[SOLVED] machine learning, nominal data normalization

machine learning, nominal data normalization

i am working on kmeans clustering . i have 3d dataset as no.days,frequency,food ->day is normalized by means & std deviation(SD) or better to say Standardization. which gives me range of [-2 to 14]

->for frequency and food which are NOMINAL data in my data sets are normalized by DIVIDE BY MAX ( x/max(x) ) which gives me range [0 to 1]

the problem is that the kmeans only considers the day-axis for grouping since there is obvious gap b/w points in this axis and almost ignores the other two of frequency and food (i think because of negligible gaps in frequency and food dims ).
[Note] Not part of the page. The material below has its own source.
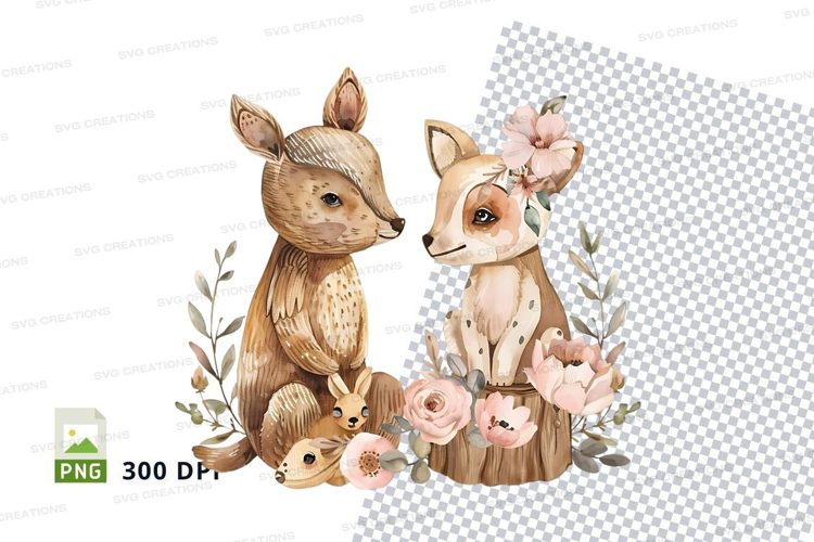 Illustration Family Watercolor Animal Nature Flowers Clipart Deer Foliage Baby Deer
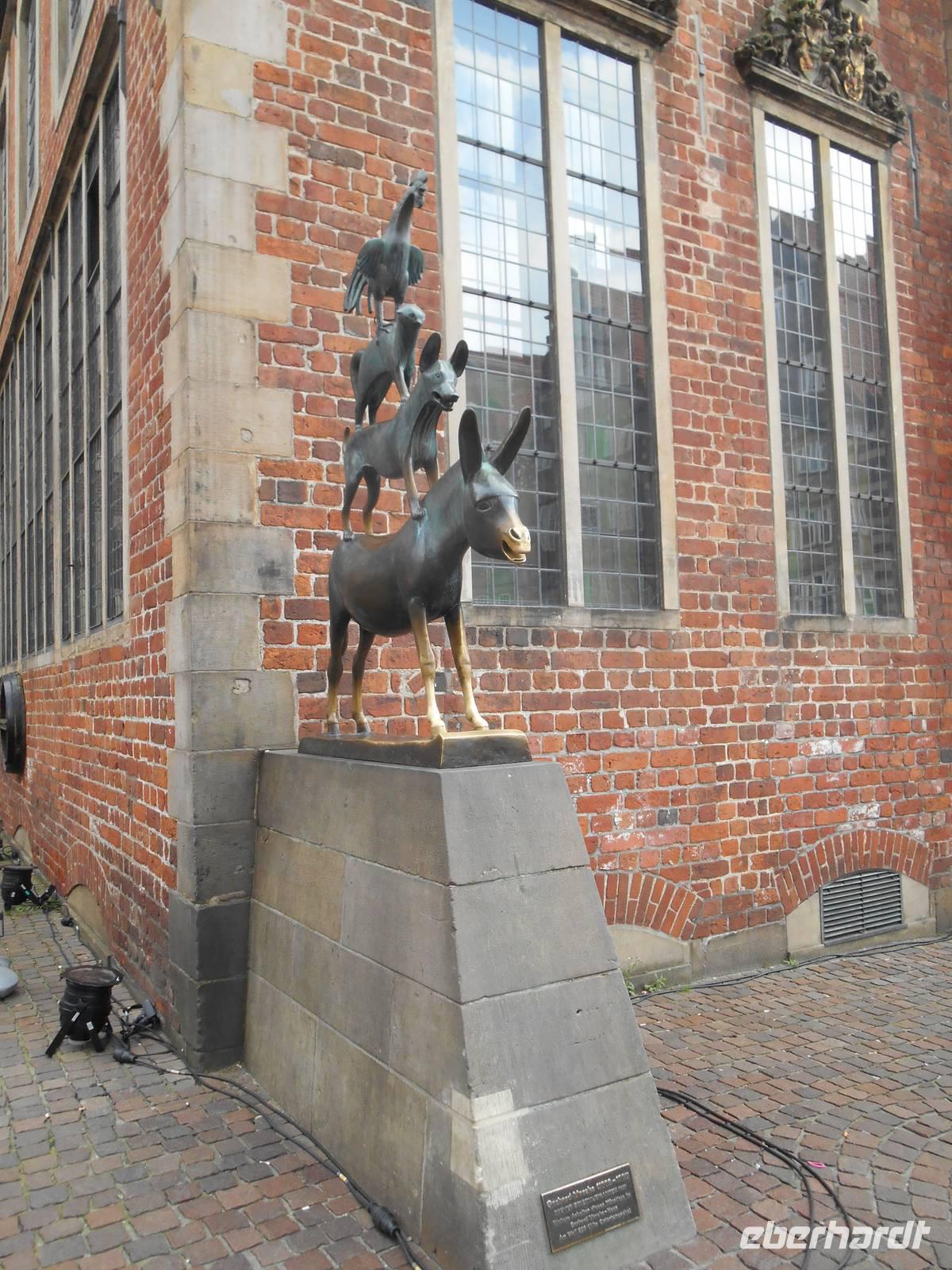 Der heutige Tag stand ganz im Zeichen der Hansestadt Bremen. Unsere Stadtführerin Helga Hauf erwartete uns im Zentrum der Stadt. Wir unternahmen zunächst eine kleine orientierende Rundfahrt durch die zu beiden Seiten der Weser gelegene Stadt und gewannen dadurch erste Eindrücke. Später spazierten wir gemeinsam durch das legendäre Schnoor-Viertel, wo die kleinen Häuser aus dem 15. und 16. Jahrhundert wie Perlen auf einer Schnur in Bremens ältestem Viertel dicht aneinander gereiht sind. Weiter ging es zum Marktplatz, welcher die „Gute Stube" in Bremen ist. Ein Platz, der übrigens trotz - oder gerade wegen - der 1.200-jährigen Geschichte besonders lebendig ist! Das prächtigste Gebäude am Marktplatz ist sicher das Rathaus, davor zeugt der stolze Roland für den Freiheitswillen der Stadt. Beide gehören zum UNESCO-Welterbe. Dreht man sich auf dem Hanseatenkreuz beim Roland einmal im Uhrzeigersinn, dann sieht man den St. Petri Dom, die Bürgerschaft und den Schütting. Natürlich durfte auch ein Besuch bei der bekanntesten Darstellung der Stadtmusikanten an der Westseite des Rathauses nicht fehlen - es ist die Bronzeplastik des Künstlers Gerhard Marcks von 1951. Die Ursprünge des Märchens liegen bereits im Mittelalter. Bei allen Fassungen blieb der Kern der Handlung, dass sich die Schwachen („niedere Tiere", Alte etc.) durch ein solidarisches Handeln erfolgreich gegen die Starken (früher beispielsweise Wappentiere der Adligen) durchsetzten. Anfang des 19. Jahrhunderts haben die Brüder Grimm die Geschichte aufgeschrieben. Offensichtlich beruht diese auf dem Hintergrund, dass seit 1339 die in der Hansestadt bekannten „Stadt- und Raths-Musici" vom Turm der Kirche „Unser Lieben Frauen" bliesen oder bei Festen spielten. Diese „Stadtmusikanten" nahmen - wie im Märchen - immer wieder fahrende Musikanten auf. Die Bekanntheit des Märchens drückt sich auch durch die Denkmäler aus, die den vier Tieren Esel, Hund, Katze und Hahn weltweit gesetzt wurden. Abschließend gelangten wir in die nahe gelegene Böttcherstraße. Früher lebten in der Böttcherstraße die Fassmacher, deren Berufsbezeichnung sich vom Ausdruck „Bottich" für Fass herleitet. Heute sind in der kleinen Gasse Kunst und Kunsthandwerk zuhause. Anfang des 20. Jahrhunderts begann der Bremer Kaffeekaufmann Ludwig Roselius damit, nach und nach die Häuser der verfallenen Straße anzukaufen. Er ließ sie zu einem architektonisch außergewöhnlichen und gleichzeitig einheitlichen Straßenzug neu erbauen. Auch für einen individuellen Stadtbummel blieb etwas Zeit und so konnten wir uns die ein oder andere Bremer Sehenswürdigkeit noch etwas näher anschauen. Im Hotel zurück, erwartete uns heute ein Bauernabend mit regionalen Spezialitäten - sehr lecker! Auch musikalisch wurden wir durch den Abend begleitet - 3 Akkordeon-Spieler luden zum Mitsingen ein!

if i apply the kmeans only on day-axis alone (1D) i get the exact similar result as i applied on 3D(days,frequency,food).

"before, i did x/max(x) as well for days but not acceptable"
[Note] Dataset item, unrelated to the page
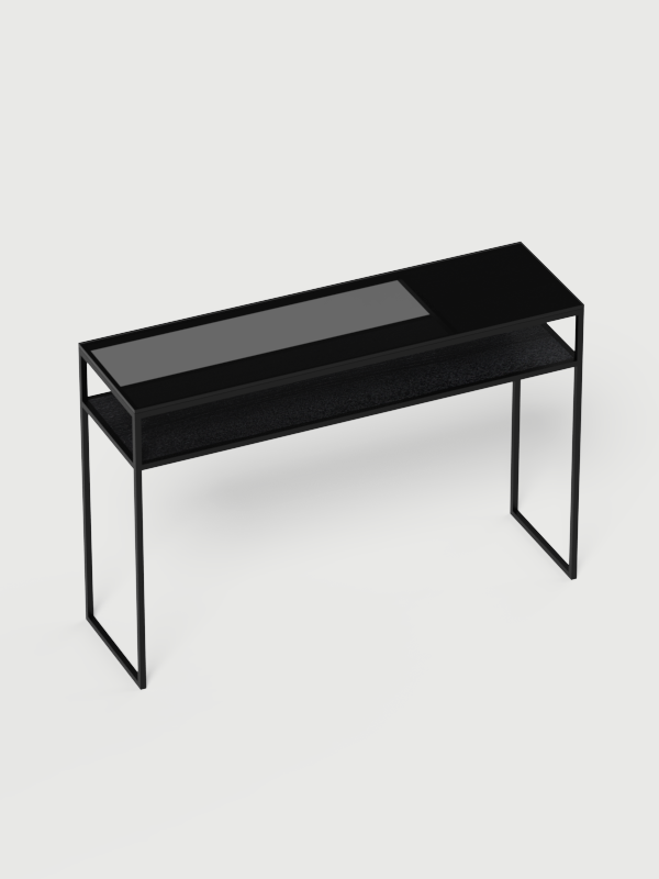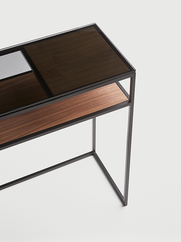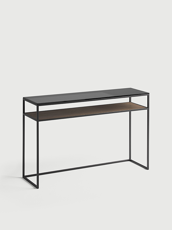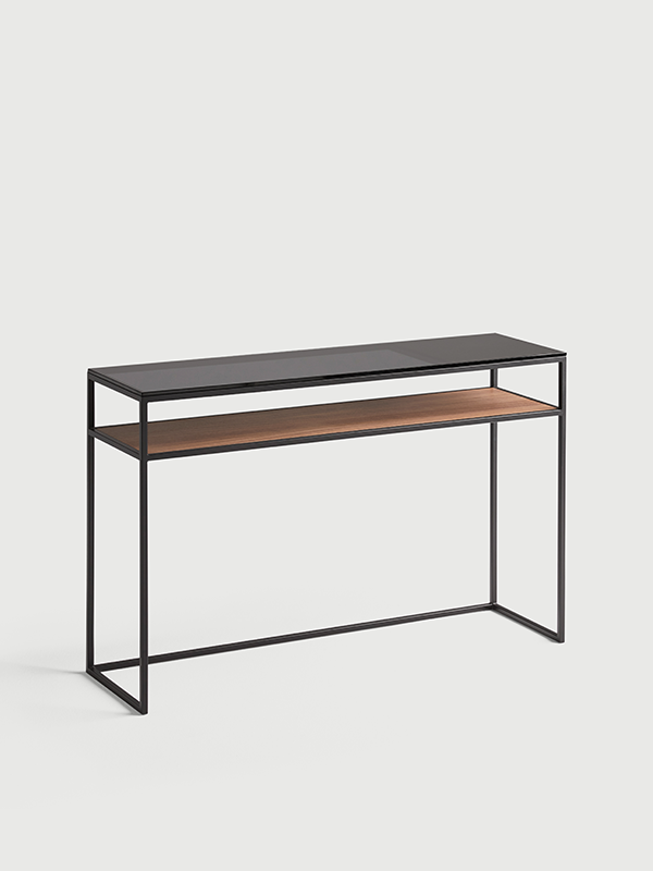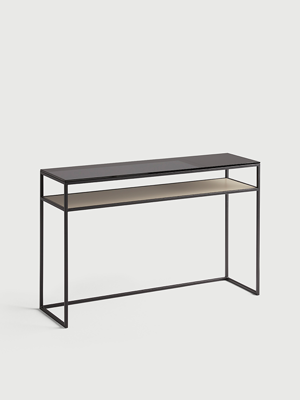 Cada consola combina una estructura metálica termolacada en negro microtexturado con una base personalizable en laca, roble o nogal, adaptándose a estilos que van desde la sobriedad elegante hasta propuestas más cálidas y expresivas. El diseño se completa con un sobre de cristal fumé gris, que aporta profundidad y sofisticación, convirtiendo la consola Rita en una pieza funcional y decorativa capaz de elevar cualquier espacio.

so i want to know is there any way to normalize the other two nominal data of frequency and food and we get fair scaling based on DAY-axis.

food => 1,2,3 frequency => 1-36

Solution

The point of normalization is not just to get the values small.

The purpose is to have comparable value ranges - something which is really hard for attributes of different units, and may well be impossible for nominal data.

For your kind of data, k-means is probably the worst choice, because k-means relies on continuous values to work. If you have nominal values, it usually gets stuck easily. So my main recommendation is to not use k-means.

For k-means to wprk on your data, a difference of 1 must be the same in every attribute. So 1 day difference = difference between food q and food 2. And because k-means is based on squared errors the difference of food 1 to food 3 is 4x as much as food to food 2.

Unless you have above property, don't use k-means.